Task item ::
The first line of the entries is where the copy starts and the line with "NVMe M.2 SSD" is where it ends; set down each line exactly, both ends included, and drop pictures.

Material provided ::
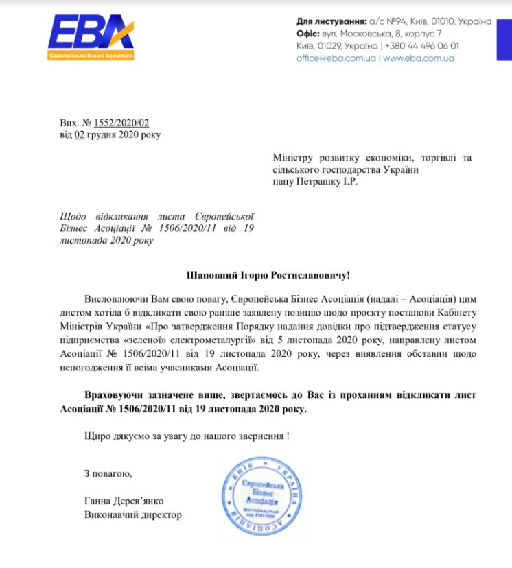 Европейская бизнес ассоциация (ЕБА) 2 декабря 2020 года отозвала свое письмо в адрес министра экономики Игоря Петрашко, в котором было подвергнуто критике предоставление финансовых стимулов для экологической модернизации промышленных предприятий, в частности – "зеленой" металлургии, сообщает Цензор.
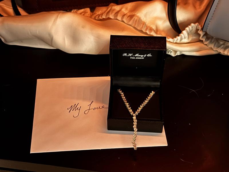 The length is too short and the chain is so thin. The diamonds are so tiny. When I adjust the length, I’m scared the chain will snap. When it arrived the chain was tangled. The longer part of diamonds flips inward and I have to adjust it often. It sits odd. I wonder if this is why it was on sale?
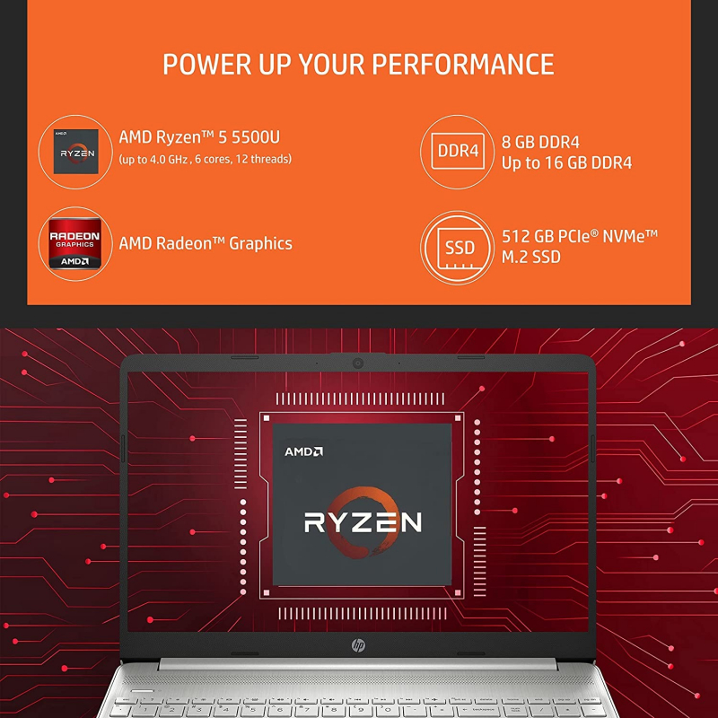 • Processor: AMD Ryzen 5 5500U (up to 4.0 GHz max boost clock(2i), 8 MB L3 cache, 6 cores, 12 threads)| Memory: 8 GB DDR4-3200 SDRAM (1 x 8 GB), Upto 16 GB DDR4-3200 MHz RAM (2 x 8 GB) | Storage: 512 GB PCIe NVMe M.2 SSD
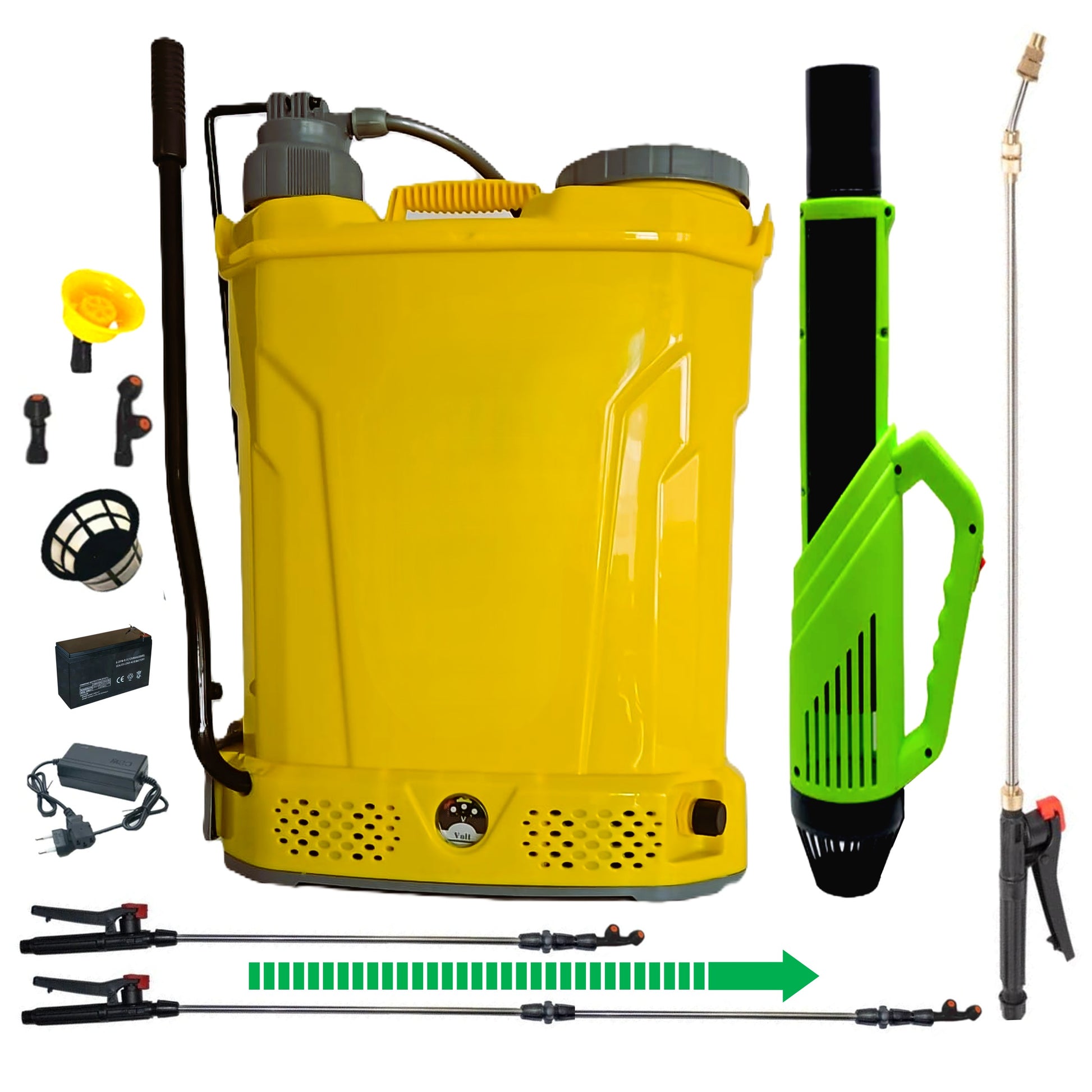 Pompa stropit 18 Litri cu acumulator electric si Manuala (2-in-1), Vermorel GALBEN, familia de produse POMPINA© este o pompa de stropit electrica la care pulverizarea lichidului este realizata pe baza de presiune generata de motorul electric incorporat in corpul pompei. Alimentarea se realizeaza cu un acumulator de 12V-8AH, acesta fiind reincarcabil de la o sursa de curent alternativ de 220V utilizand un incarcator compatibil cu acumulatorul.
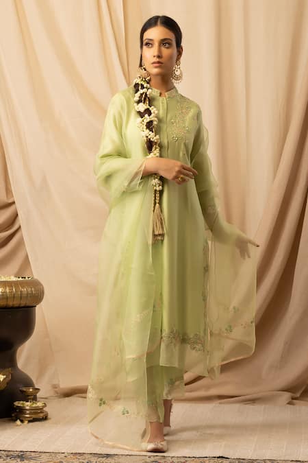 Buy_Deepika Chopra_Green Chanderi Silk, Organza, Bamboo Avacado Straight-cut Kurta Salwar Set_Online_at_Aza_Fashions
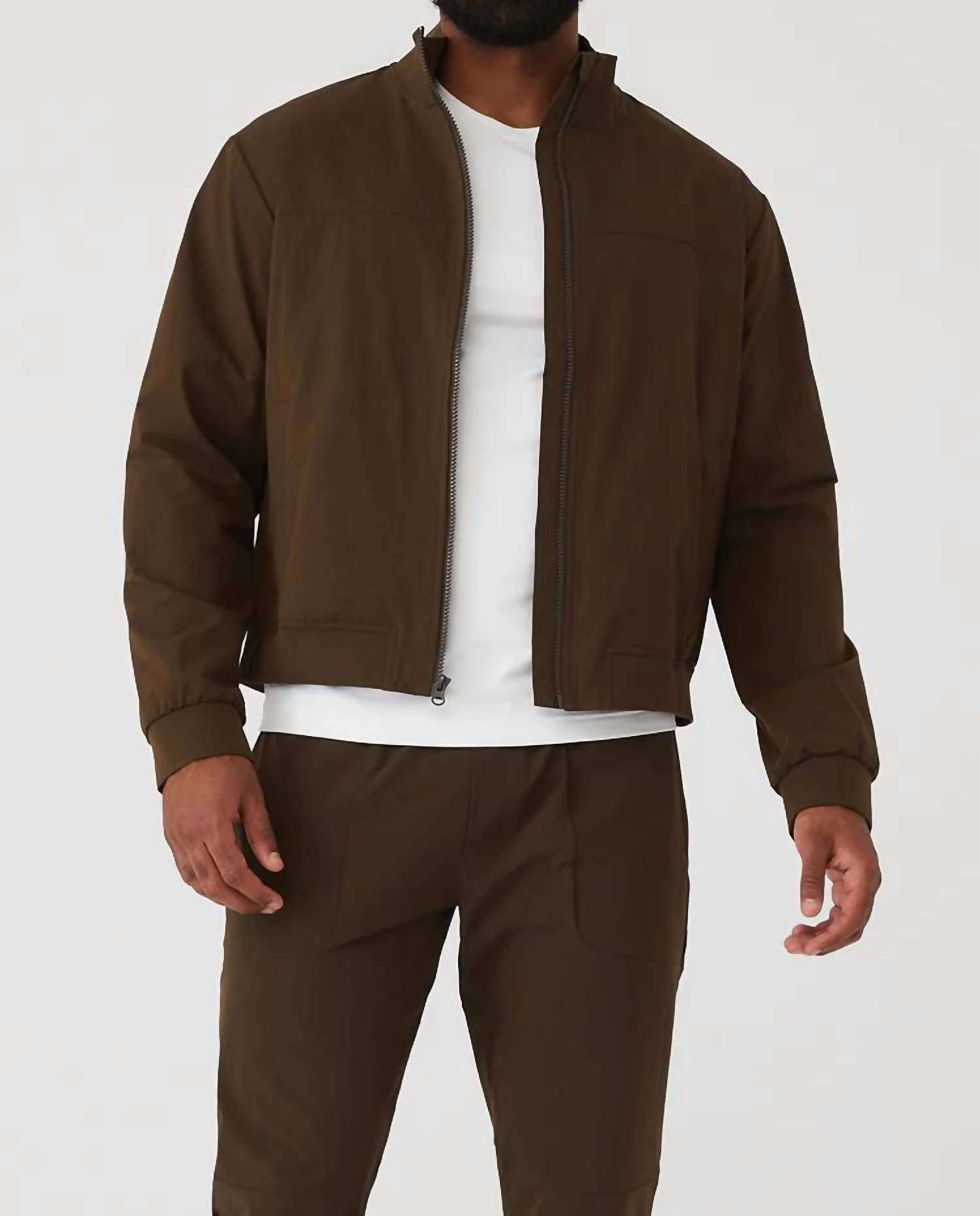 Classic, lightweight bomber jacket. Handy, invisible zippered side pockets. True to sizeDesigned for a boxy, bomber-style fit. Hits at the hip. Performance woven fabric for comfort & versatility. Ribbed cuffs & hems. Water-repellant finish. Machine wash

Answer ::
 Европейская бизнес ассоциация (ЕБА) 2 декабря 2020 года отозвала свое письмо в адрес министра экономики Игоря Петрашко, в котором было подвергнуто критике предоставление финансовых стимулов для экологической модернизации промышленных предприятий, в частности – "зеленой" металлургии, сообщает Цензор.
 The length is too short and the chain is so thin. The diamonds are so tiny. When I adjust the length, I’m scared the chain will snap. When it arrived the chain was tangled. The longer part of diamonds flips inward and I have to adjust it often. It sits odd. I wonder if this is why it was on sale?
 • Processor: AMD Ryzen 5 5500U (up to 4.0 GHz max boost clock(2i), 8 MB L3 cache, 6 cores, 12 threads)| Memory: 8 GB DDR4-3200 SDRAM (1 x 8 GB), Upto 16 GB DDR4-3200 MHz RAM (2 x 8 GB) | Storage: 512 GB PCIe NVMe M.2 SSD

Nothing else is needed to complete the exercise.